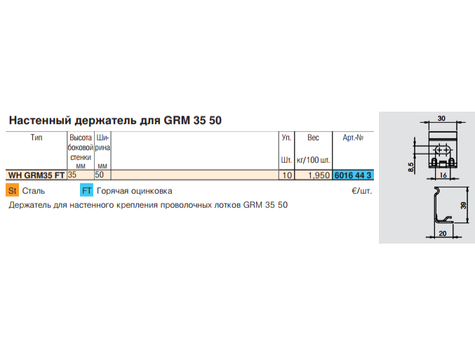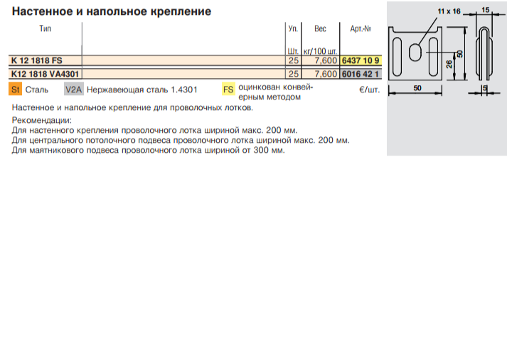 Тип: TrayFix-16-L
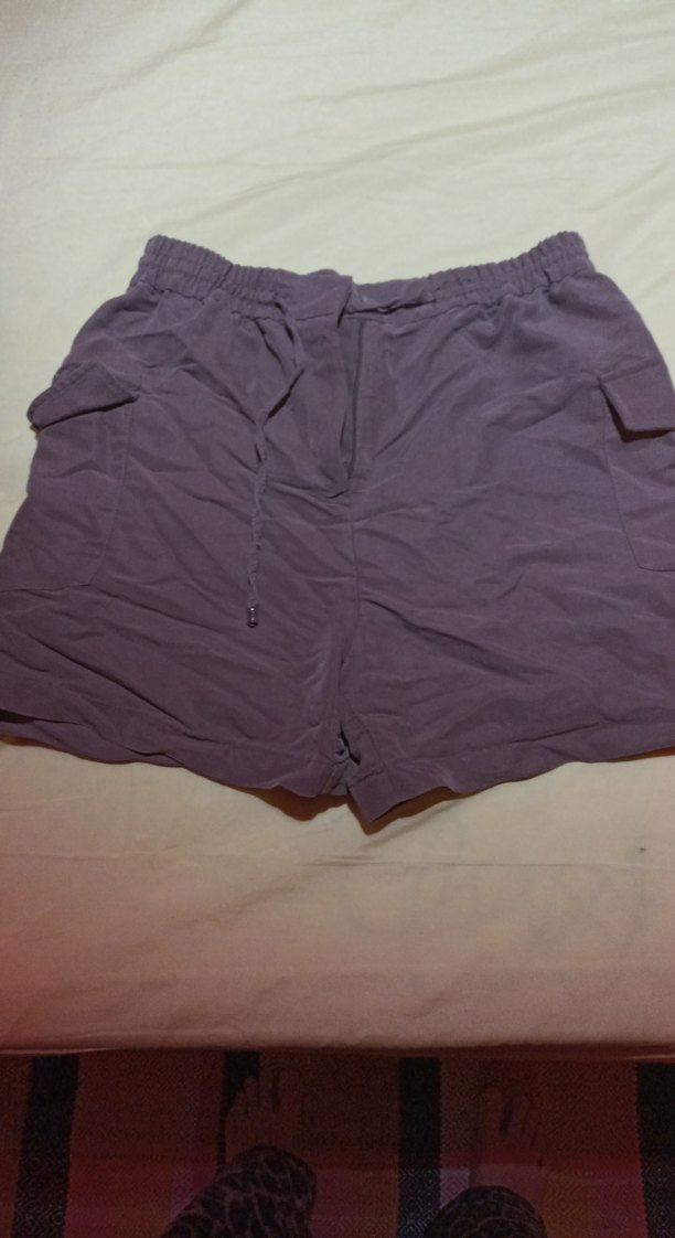 Kadınlar için kahve keten mini şort, bol kesim ve lastikli bel ile rahat dış mekan kullanımı için uygun.
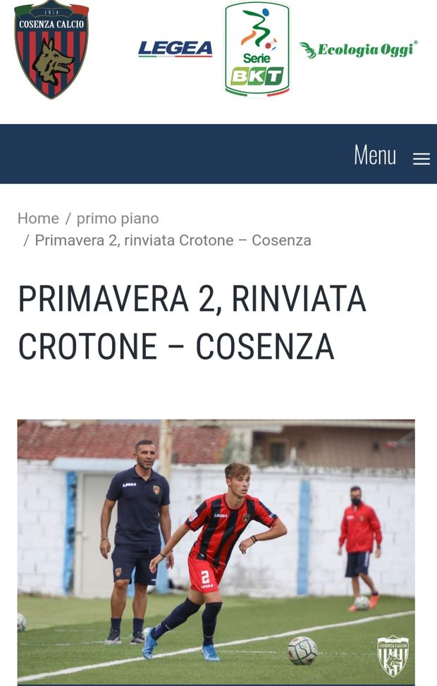 Di seguito la nota pubblicata dal club cosentino: "La Lega Nazionale Professionisti B, attraverso il Comunicato Ufficiale N. 55 del 28 ottobre 2020, ha reso noto il rinvio a data da destinarsi della gara tra Crotone e Cosenza, valevole per la quarta giornata d’andata del Campionato Primavera 2 2020/2021".
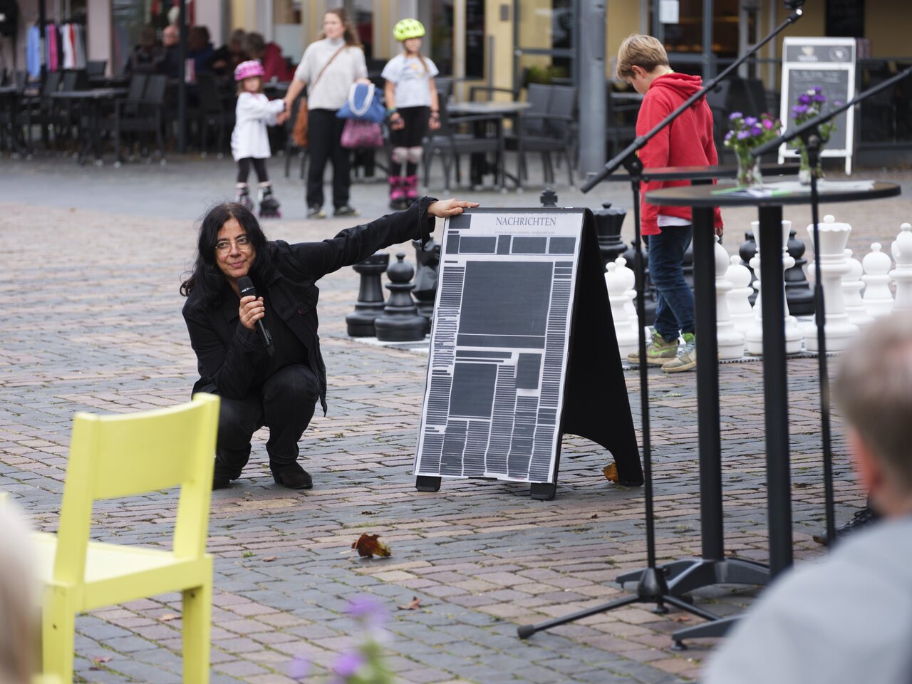 Lütfiye Güzel, “Local Blackouts” (poems derived from redacting local newspapers, the first of 53), 29.09.2024, “Grand Snail Tour”, Xanten, photo: Heinrich Holtgreve. Image courtesy of Urbane Künste Ruhr.
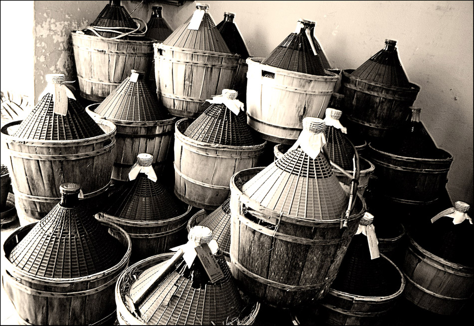 una cantina ben fornita! mi è piaciuta quella catasta di damigiane e l'idea di tentare più che un bianco-nero un tono sepia mi è sembrata una soluzione...
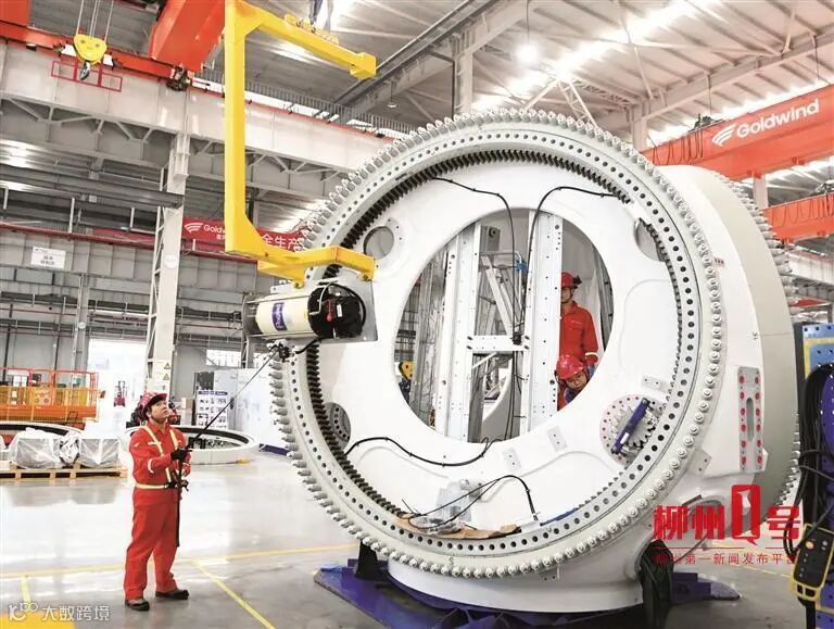 走进零碳新能源智慧装备产业园,工人正在小山包似的零部件中爬上爬下,专注地进行调试、检查。“我们生产的7.15兆瓦风电机组,叶片扫过的面积有4个足球场那么大。”柳州金风风电设备有限公司风力发电机总装厂厂长袁晓飞说,企业生产的风电机组拥有100%的自主知识产权,是名副其实的大国重器。

_ _ _

#### Exercise instructions:
Nothing but the lines from the beginning of the material above through the line containing "Kadınlar için kahve" should appear in the answer, copied exactly and free of pictures.

#### Answer space:
 Тип: TrayFix-16-L
 Kadınlar için kahve keten mini şort, bol kesim ve lastikli bel ile rahat dış mekan kullanımı için uygun.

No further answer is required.